04 Dec
2025

FATCA: the Market Court refers 13 preliminary questions to the CJEU

The Market Court has decided to submit 13 preliminary questions to the Court of Justice of the European Union (CJEU) in the context of the FATCA case. This decision seeks to obtain essential clarification on the conformity of the agreement and on the legal framework applicable to data transfers to the United States.

Background

In 2023, in its Decision 61/2023, the Litigation Chamber found that the transfers of personal data of Belgian “accidental Americans” from the FPS Finance to the U.S. tax authorities under the intergovernmental FATCA agreement were unlawful and prohibited them. According to the BE DPA, these processing operations did not comply with several principles of the GDPR, notably those relating to data transfers outside the EU.

Procedural history

  • The FPS Finance lodged an appeal against Decision 61/2023 before the Market Court.
  • By a judgment of 20 December 2023 (2023/AR/801), the Market Court annulled that decision and referred the case back to the Litigation Chamber, composed differently, for a new ruling.
  • In response, the Litigation Chamber adopted Decision 79/2025 on 24 April 2025.
  • The FPS Finance also lodged an appeal for annulment against this new decision.
  • Today, the Market Court issued an interlocutory judgment and decided to refer 13 preliminary questions to the CJEU.

Preliminary questions referred to the CJEU

A first set of questions seeks to determine whether an agreement such as FATCA is compatible with EU law as applicable before 24 May 2016, in particular with Directive 95/46/EC — especially the principles of purpose limitation, data minimisation and storage limitation enshrined therein — as well as with the Charter of Fundamental Rights of the European Union.

The Market Court also asks the CJEU to assess whether such an agreement complies with Article 26(1)(d) or Article 26(2) of Directive 95/46/EC, and to clarify any conditions relating to appropriate safeguards.

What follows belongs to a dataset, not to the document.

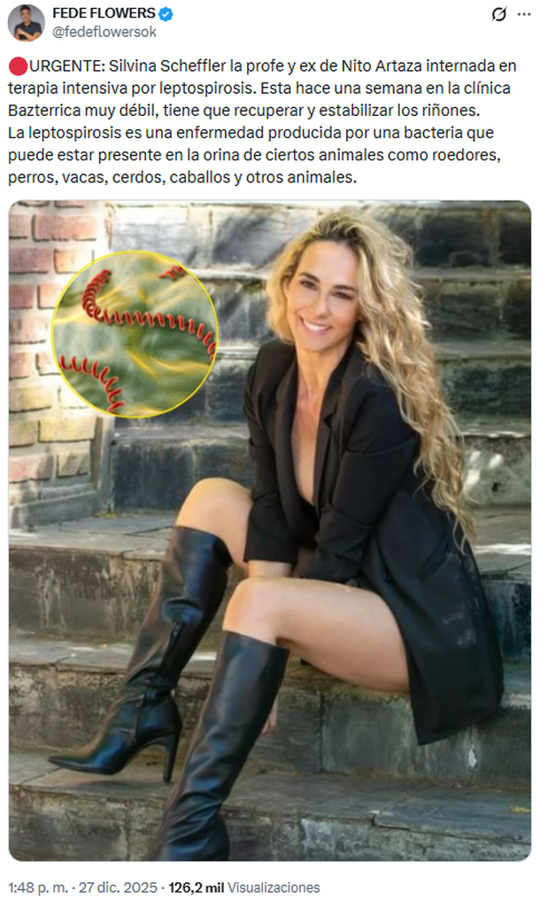 En este sentido, el periodista lanzó el siguiente mensaje, alertando a sus seguidores: "URGENTE: Silvina Scheffler la profe y ex de Nito Artaza internada en terapia intensiva por leptospirosis. Esta hace una semana en la clínica Bazterrica muy débil, tiene que recuperar y estabilizar los riñones".

A second set of questions concerns Article 96 of the GDPR (which provides that international agreements concluded before the GDPR remain in force insofar as they complied with EU law applicable before 24 May 2016): what is its material scope? Is the controller responsible for demonstrating that the conditions of Article 96 are met? Is Article 96 GDPR acceptable insofar as it allows a potentially permanent transitional regime as described in Decision 79/2025 (see in particular Question 7)? And what is the role of the national judge and the measures they may need to take?

Finally, a third set of questions focuses mainly on the framework for transfers to third countries under the GDPR. The Market Court seeks clarification on the absence of an adequacy decision and the reasons for this, as well as on the scope of Article 46 GDPR, in particular with regard to appropriate safeguards. The Court concludes its list of questions by referring a question concerning Article 49(1)(d) GDPR, thus reviewing the entire “cascade” mechanism laid down in Chapter V of the GDPR.

The BE DPA welcomes the fact that these important questions, which have a European dimension, are now being submitted to the CJEU.

The full judgment of the Market Court will be published very shortly.